Input:

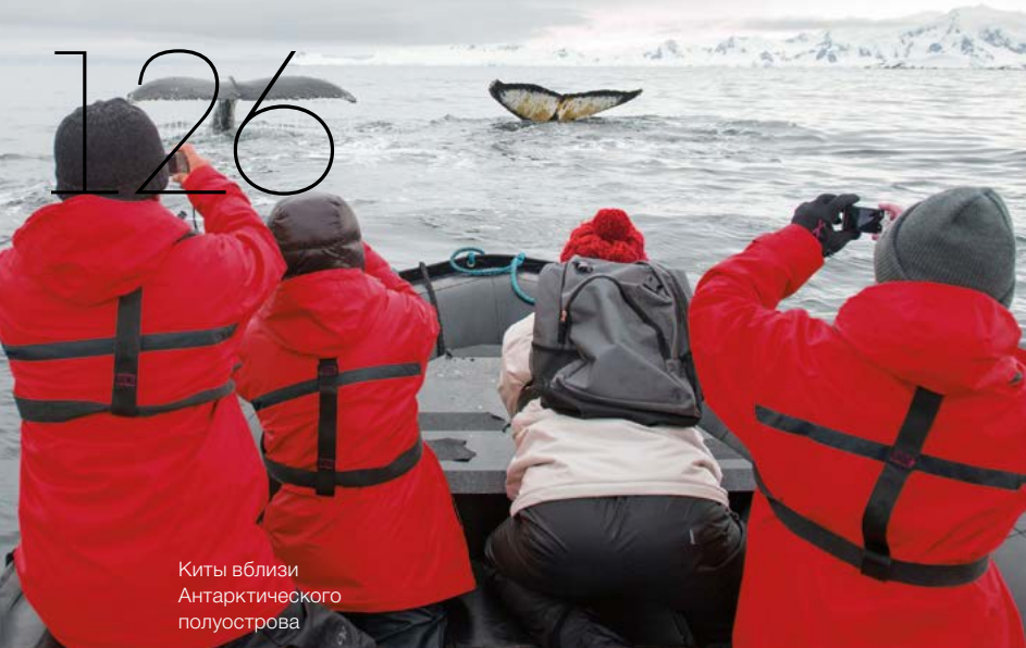
Киты вблизи Антарктического полуострова
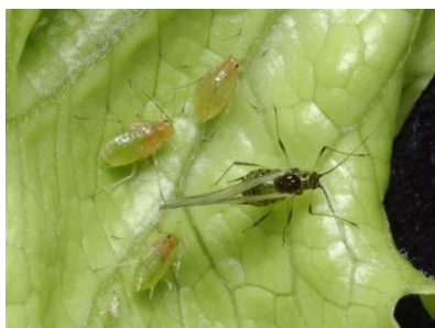
Photo 5: Individu ailé du puceron de la laitue avec trois larves (nymphe) sur une feuille de salade.
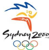
Slika 5: Logo Olimpijskih igara u Sydneyu
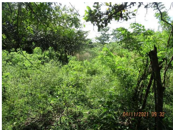
Fotos 1, 2, 3, 4 Sectores prospectados en la totalidad del polígono del proyecto. Terreno tipo potrero con herbazales, malezas, y gramíneas. Se observaron trazas de actividades humanas.
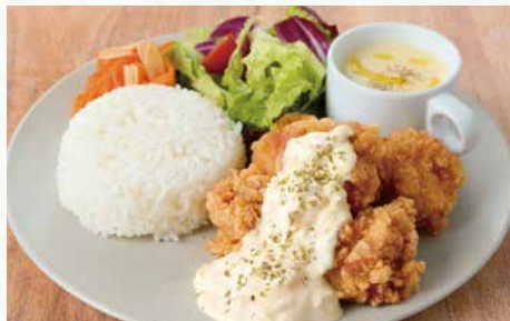
「TABLES」 チキン南蛮プレート
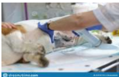
Figure 6 – Trajtimi post operator

(Foto ilustruese mbi trajtimin post operator)
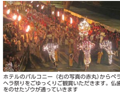
ホテルのバルコニー(右の写真の赤丸)からペラヘラ祭りをごゆっくり観賞いただけます。仏歯をのせたゾウが通っていきます

はじまりは紀元前3世紀に遡るともいわれるペラヘラ祭り。スリランカ最古の祭りは、時代の流れとともに次第に仏教的な意味合いを強め、人口のおよそ7割が上座部仏教徒であるスリランカにとって、とても重要な祭事です。毎月各地で仏教関連の祭りが催されますが、最も規模が大きなのがキャンディのペラヘラ祭り。ペラヘラとは、行列、行進を指し、全土から各地の民族衣装を身に着けた人々が集い、踊りながら行進していきます。また神聖な動物とされるおよそ100頭ものゾウが電飾の衣装をまとい、パレードするのが大きな見ものです。キャンディのペラヘラでは、人々の信仰の拠りどころである仏歯を乗せたゾウをはじめ国の四大守護神をまつる神殿のゾウが列をなして、辺りは神聖な雰囲気になります。ツアーではホテル・バルコニーの観覧席をしっかりと押さえ、アジア三大祭りのひとつともいわれる、このペラヘラ祭りをご覧ください。
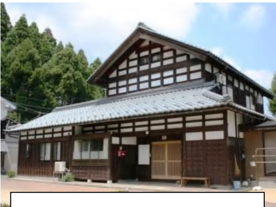
ふくいの伝統的民家
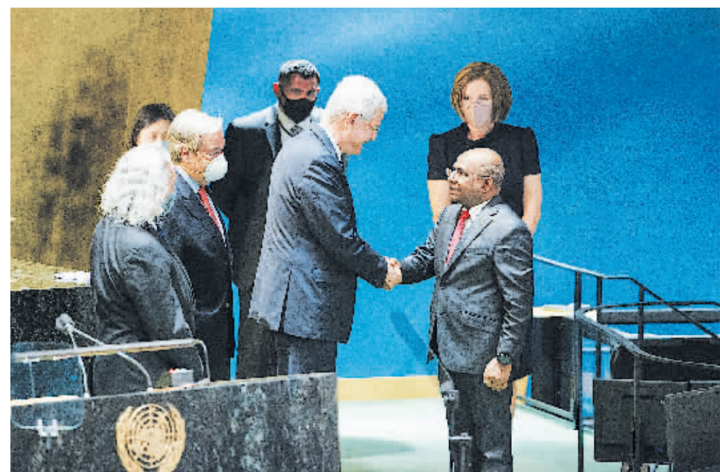
7日，在位于纽约的联合国总部，第75届联合国大会主席博兹克尔(前左)与当选第76届联合国大会主席的马尔代夫外长阿卜杜拉·沙希德握手。
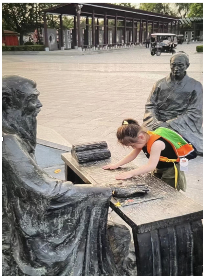
Фото 19. Ребёнок просит благословения у Учителя. г. Бочжоу.

Интересно наблюдать, как современные дети относятся к подобным скульптурам, в частности, к изображениям известных Учителей, к которым они обращаются с большой почтительностью и благоговением, искренне веря в то, что это поможет им в учёбе (фото 19).
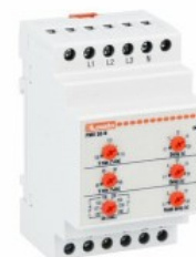
Przełączniki nadzorcze napięcia PMV50N
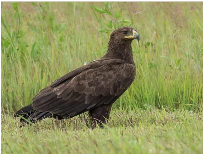
Slika 15. Orao klokotaš

Dosta je sličan orlu kliktašu, s tim da je nešto veći. Ova vrsta je duga od 65 – 72 cm, s rasponom krila od 157 – 179 cm, a tjelesna masa mu iznosi 1,6 – 2,5 kg. Srednje je veličine i ima široka krila koja završavaju dugim perima. Obično je crno-smeđe boje s kontrastnom žutom bojom. Ova vrsta ima kratak vrat, ali ima veliku, često prilično čupavu glavu, jak kljun i kratku zjapeću liniju s okruglim nosnicama. Krila su široka i nešto duža, dok je rep relativno kratak i zaobljen. Odrasli oraon na trtici ima svijetlu oznaku u obliku polumjeseca, dok je ostali dio tijela tamnije boje. Hrane se manjim sisavcima, uglavnom glodavcima, pticama, gmazovima, vodozemcima, krupnim kukcima i strvinom. Love na otvorenim područjima, ponajviše močvarama i vlažnim livadama. Obično love sporiji plijen koji napadaju na tlu. Često se pojavljuje u paru ili pojedinačno, ali zimi se ponekad javlja u malim do velikim jatima, osobito oko atraktivnog izvora hrane. Vrsta se često viđa pojedinačno u seobi, iako ponekad u dvoje, troje ili više. Monogamna je vrsta, za izgradnju gnijezda i brigu o mladima se obavezuju oba roditelja. Polazu se obično 2 jaja, iako najčešće samo jedan mladunac preživi. Inkubacija traje 42 – 44 dana, a ptici su sposobni za let nakon 60 – 65 dana. Ptici su o roditeljima ovisni još 20 – 30 dana. Zakonom o zaštiti prirode zaštićen je kao strogo zaštićena svojta. Na području Europe, uz izostanak Rusije, gnijezdi se tek oko 70 parova i to uglavnom u Poljskoj.
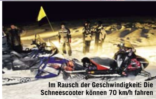
Im Rausch der Geschwindigkeit: Die Schneescooter können 70 km/h fahren
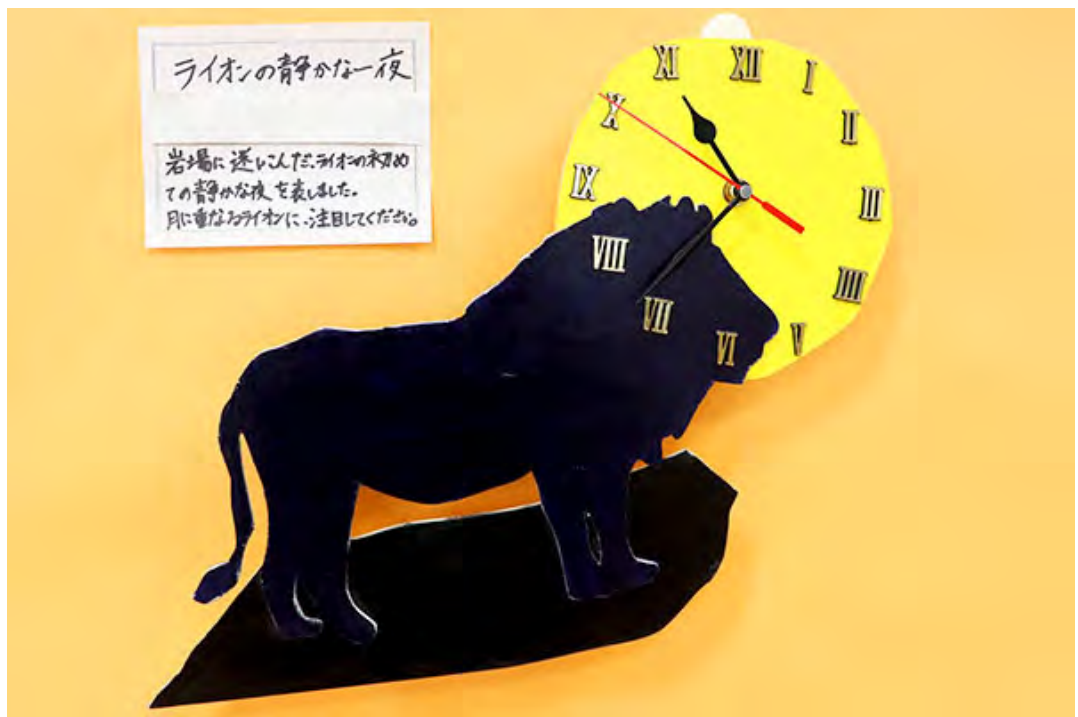
ライオンの静かな一夜 岩場に迷い込んだライオンの初めての静かな夜を表しました。月に重なるライオンに、注目してください。
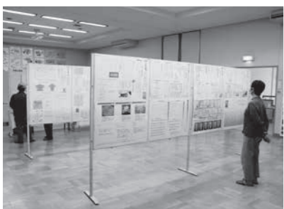
規模を縮小しての展示

◇瑞穂地区文化祭開催 10月25日(日)～11月1日(日)にかけて瑞穂活性化センターで開催しました。今年度は新型コロナウイルス感染防止のため2階大広間の学童、園児や一般の方々作品展示のみ1週間にわたり展示しました。
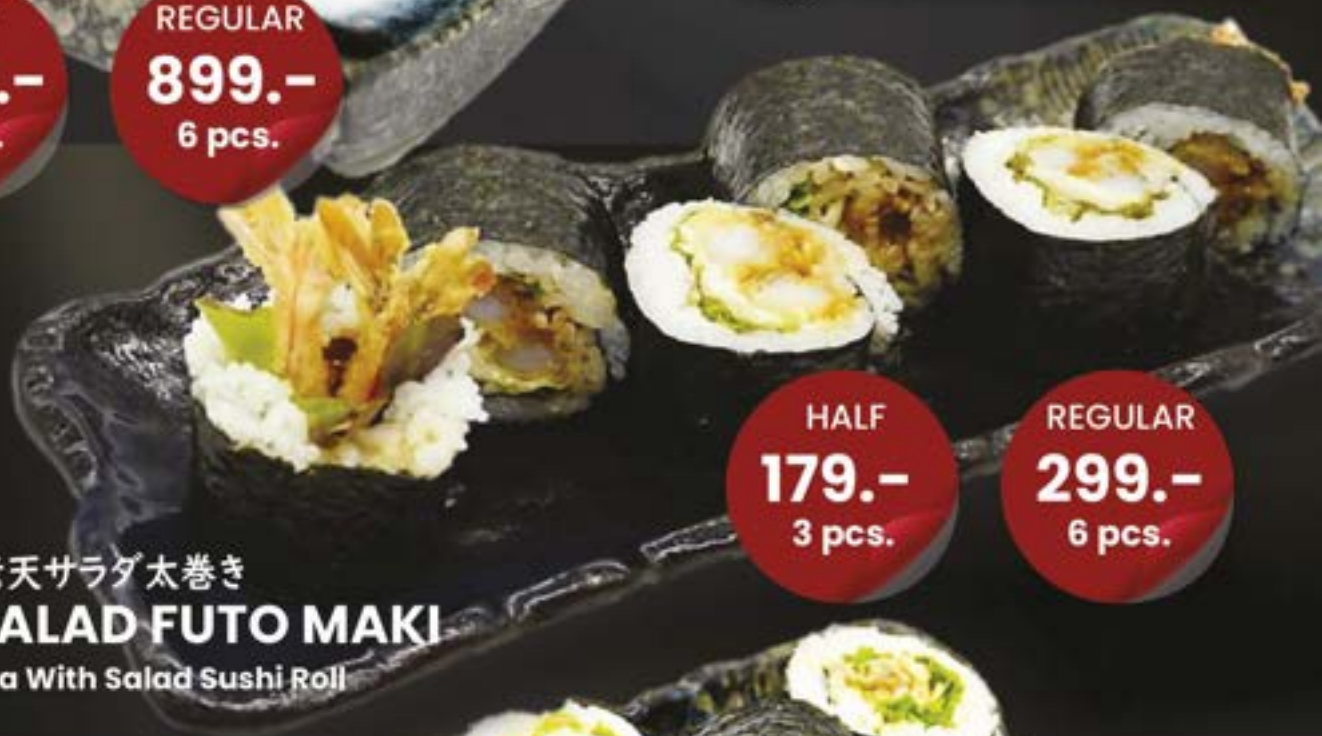
NO.914 海老天サラダ太巻き
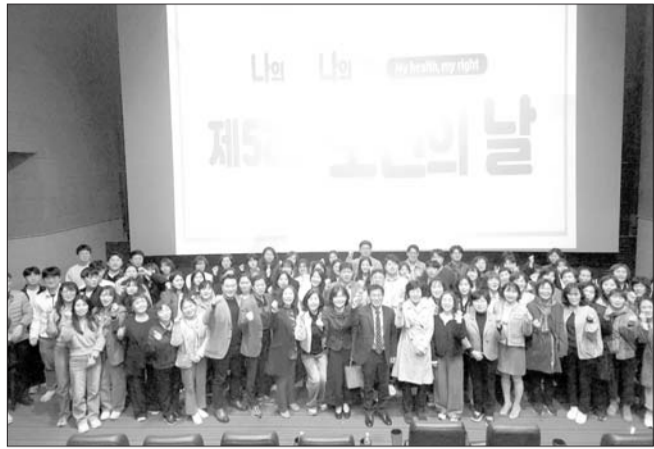
정읍시보건소는 지난 3일 정읍 CGV 제2관에서 '나의 건강 나의 권리(my health, my right)'라는 슬로건으로 제52회 보건의 날 기념식을 가졌다.
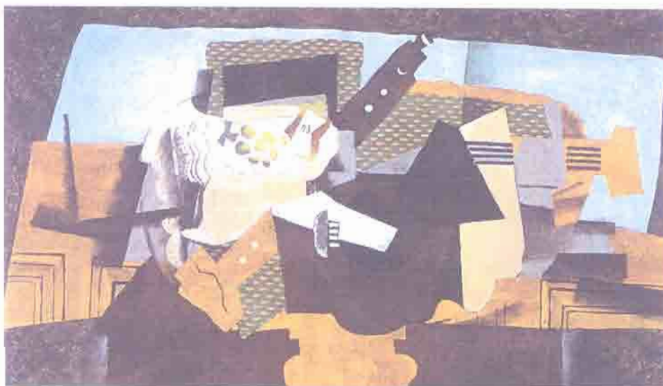
Figura 4 – Georges Braque, A Mesa Negra (1919)
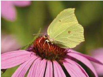
Zonnehoed is een echte zonaanbidder

klimhortensia, vingerhoedskruid, eikvaren en elfenbloem.
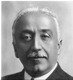
Niceto Alcalá Zamora
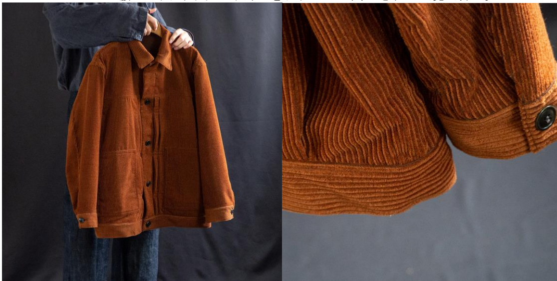
ウールコーデュロイトラッカージャケット ( Brick , C.Grey ) ¥39,600 (税込)

アクションブリーツに代表される象徴的なディテールを落とし込んだ G ジャン型。 流れる生地感を堪能すべく着丈を長くアレンジしたトラックージャケットです。 腰のパッチポケットの入り口をサイドにして、すっきりとした見た目に。
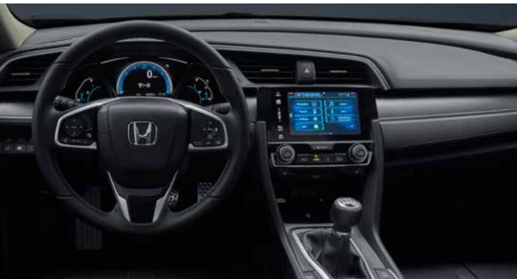
Abbildung zeigt Modell 1.5 VTEC TURBO Executive in Polished Metal Metallic. Die vollständigen technischen Daten dieses Modells finden Sie ab Seite 42.

*** Verwenden Sie stets nur empfohlene USB-Speichergeräte. Einige USB-Speichergeräte funktionieren möglicherweise mit diesem Audio-Gerät nicht. Nur iPhone 5 oder neuere Geräte mit iOS 8.4 oder neuem Betriebssystem sind mit Apple CarPlay™ kompatibel. Für die Nutzung von Android Auto™ müssen Sie die Android Auto™-App von Google Play™ auf Ihr Smartphone herunterladen. Nur Android 5.0 (Lollipop) oder neuere Versionen sind mit Android Auto™ kompatibel.
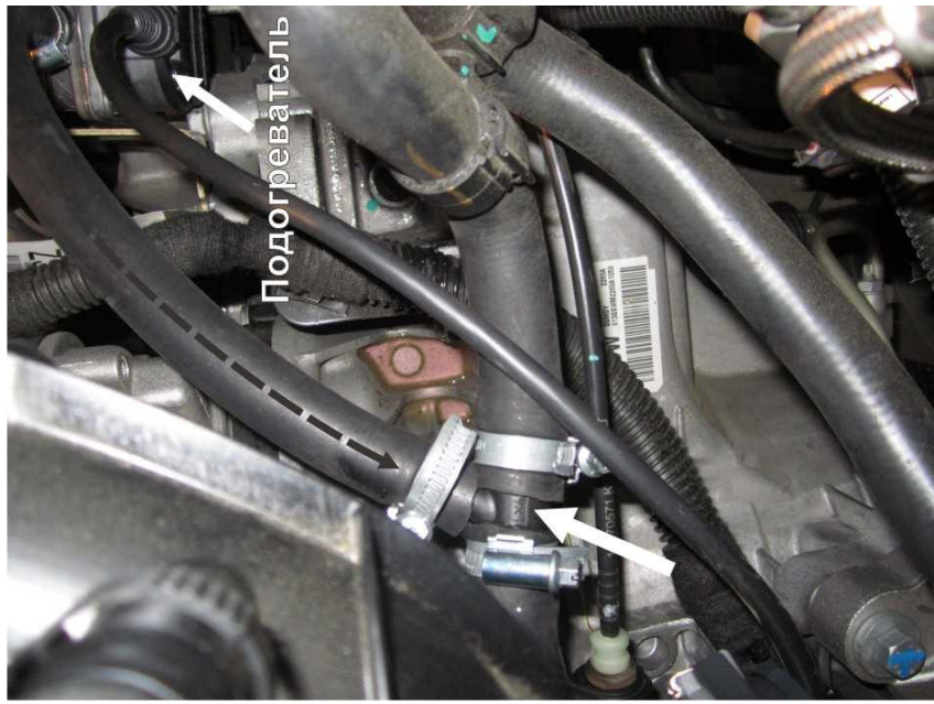
колеса. Вид сверху со стороны левого переднего колеса. Установка тройника выходного рукава.
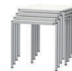
LiteTable-ST Mesa ligera apilable

Work to be completed:
What do the entries above read from the line containing "ウールコーデュロイトラッカージャケット ( Brick" through the line containing "Abbildung zeigt Modell"? Output those lines exactly, both ends included, with the pictures left out.

Exercise answer:
ウールコーデュロイトラッカージャケット ( Brick , C.Grey ) ¥39,600 (税込)

アクションブリーツに代表される象徴的なディテールを落とし込んだ G ジャン型。 流れる生地感を堪能すべく着丈を長くアレンジしたトラックージャケットです。 腰のパッチポケットの入り口をサイドにして、すっきりとした見た目に。
Abbildung zeigt Modell 1.5 VTEC TURBO Executive in Polished Metal Metallic. Die vollständigen technischen Daten dieses Modells finden Sie ab Seite 42.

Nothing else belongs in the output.